I guess all that happened on a Tuesday, and at the end of the day on Friday my co-worker with the rabbit invited me back to his apartment for a drink and something to eat. I was too polite to refuse, but was pleasantly surprised to see that steak tacos were on the menu and not rabbit enchiladas.
I was also surprised to see that not only my coworker but five other guys from the company all lived in that little one-bedroom apartment, the same size as the one Sara and I shared back then. I was invited to sit on one of the coveted couch seats, and by the end of the afternoon we had shared so much food and so many stories that we were no longer co-workers, we were friends.
Miracles happen over shared meals and shared stories.
The issue that Peter was facing: one group of believers was sitting at one table, the others at another and the divide was bridged with food a story, but today it’s not just that those who are a little different sit at different tables most of the time, but even families have a hard time sitting down to eat in one place and if that’s the case, are we friends or are we co-workers?
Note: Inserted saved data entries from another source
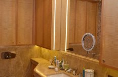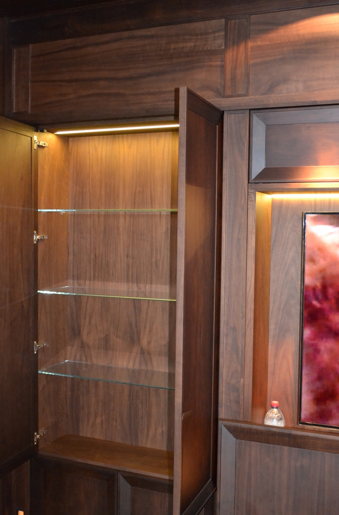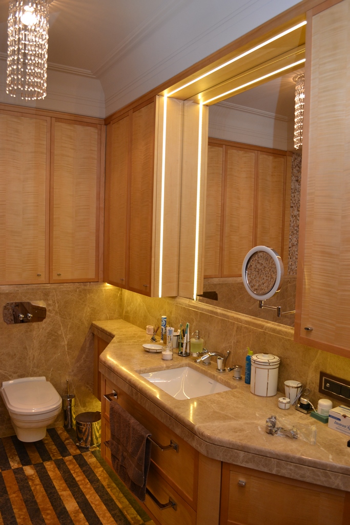 Акцентное освещение (подсветка) служит прекрасным способом привлечь внимание окружающих к определенным уголкам квартиры, именно этого и хотели достичь владельцы вышеупомянутой квартиры.
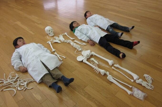 「等身大のガイコツ」をみんなで組み立てながら、支える・守る・曲げるといった体の仕組みを学びます。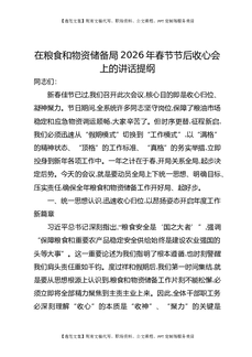 在粮食和物资储备局2026年春节节后收心会上的讲话提纲.docx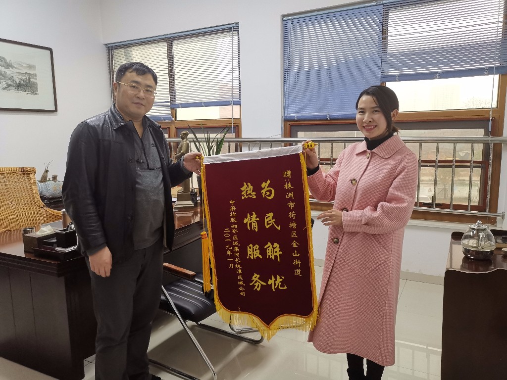 2月11日,金山街道节后上班的第一天就收到了居民送来的一份特殊的礼物,那便是中梁控股湘鄂区域集团长株潭区域公司送的一面书写着“热情服务、为民解忧”的锦旗,这面锦旗是过去为感谢金山街道为中梁集团房地产项目开发所作出的工作。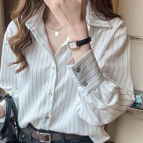 [에이치플러스몰]스트라이프 카라 셔츠 블라우스 ST179

Are we individuals or are we family?
What was dividing the Church in the days of Peter was this issue of circumcision – and what divides us today? Everything.
The great Bible Scholar and author of that well-read translation of Scripture called the Message, Dr. Eugene Peterson, shares the story of a time when his wife Jan was invited to speak at a women’s conference. These women all longed for advice regarding their families who it seemed were all the time running in different directions.
“How can we be a stronger family,” they wanted to know.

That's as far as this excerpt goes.